*** Opening Dataset content ***
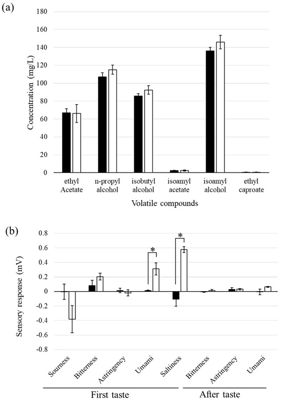 Taste and volatile components in sake samples brewed in glazed and unglazed ceramic containers. (a) Volatile compounds and representative compounds in sake were analyzed by using GC–MS. Black bars, glazed; white bars, unglazed. (b) The brewed sake samples were analyzed using a taste-sensory system. Asterisks indicate significant differences at p < 0.05. Data represent the averages of three independent experiments; error bars indicate standard deviations.
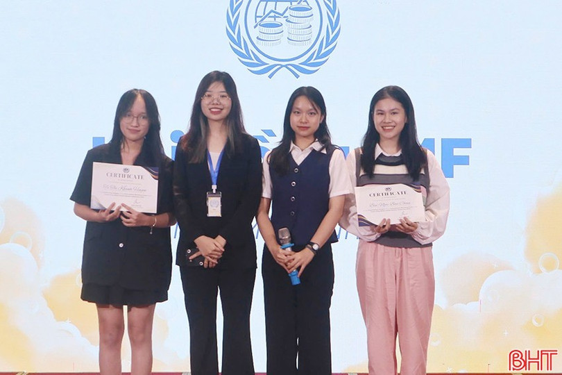 Bùi Ngọc Bảo Châu (đầu tiên từ phải sang) nhận giải đại biểu nổi bật ở Hội nghị mô phỏng Liên hợp quốc YUMUN’24 thanh thiếu niên tỉnh Nghệ An - Hà Tĩnh năm 2024.
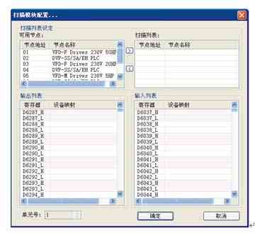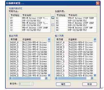(1)双击DNETScanner(节点0)的图标,弹出”主站模块配置…”对话框,可以看到左边的列表里有当前可用节点VFD-FDrives230V50HP,DVP-SS/SA/EHPLC,VFD-FDrives230V20HP,DVP-SS/SA/EHPLC,VFD-MDrives230V5HP,DVP-SS/SA/EHPLC……。右边有一个空的”扫描列表”:
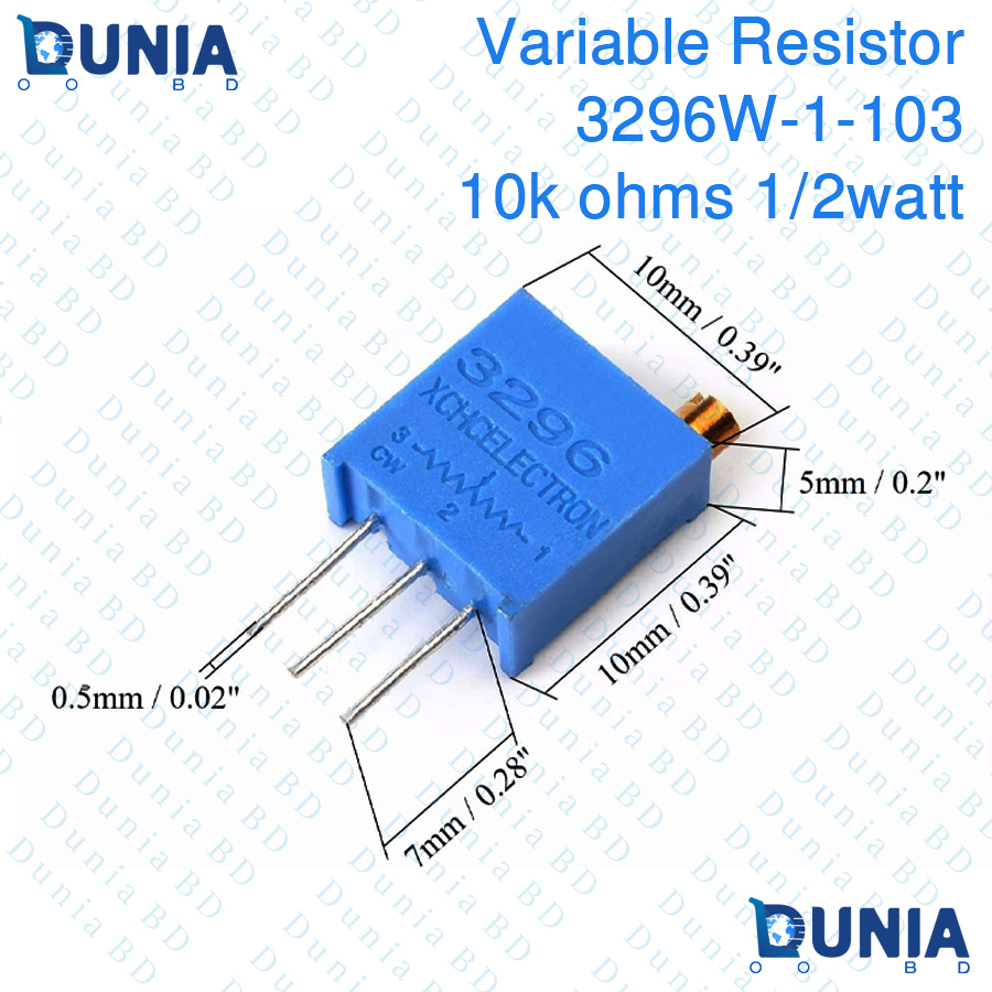 Buy 103 10k Ohm VR / 103 Ten kilo ohm Variable Resistor in Bangladesh from online at Dunia.com.bd.
*** Closing Dataset content ***
• What you need to do: Reproduce the whole listing above character for character; pictures do not belong in it.

• Answer to this problem:
 Taste and volatile components in sake samples brewed in glazed and unglazed ceramic containers. (a) Volatile compounds and representative compounds in sake were analyzed by using GC–MS. Black bars, glazed; white bars, unglazed. (b) The brewed sake samples were analyzed using a taste-sensory system. Asterisks indicate significant differences at p < 0.05. Data represent the averages of three independent experiments; error bars indicate standard deviations.
 Bùi Ngọc Bảo Châu (đầu tiên từ phải sang) nhận giải đại biểu nổi bật ở Hội nghị mô phỏng Liên hợp quốc YUMUN’24 thanh thiếu niên tỉnh Nghệ An - Hà Tĩnh năm 2024.
(1)双击DNETScanner(节点0)的图标,弹出”主站模块配置…”对话框,可以看到左边的列表里有当前可用节点VFD-FDrives230V50HP,DVP-SS/SA/EHPLC,VFD-FDrives230V20HP,DVP-SS/SA/EHPLC,VFD-MDrives230V5HP,DVP-SS/SA/EHPLC……。右边有一个空的”扫描列表”:
 Buy 103 10k Ohm VR / 103 Ten kilo ohm Variable Resistor in Bangladesh from online at Dunia.com.bd.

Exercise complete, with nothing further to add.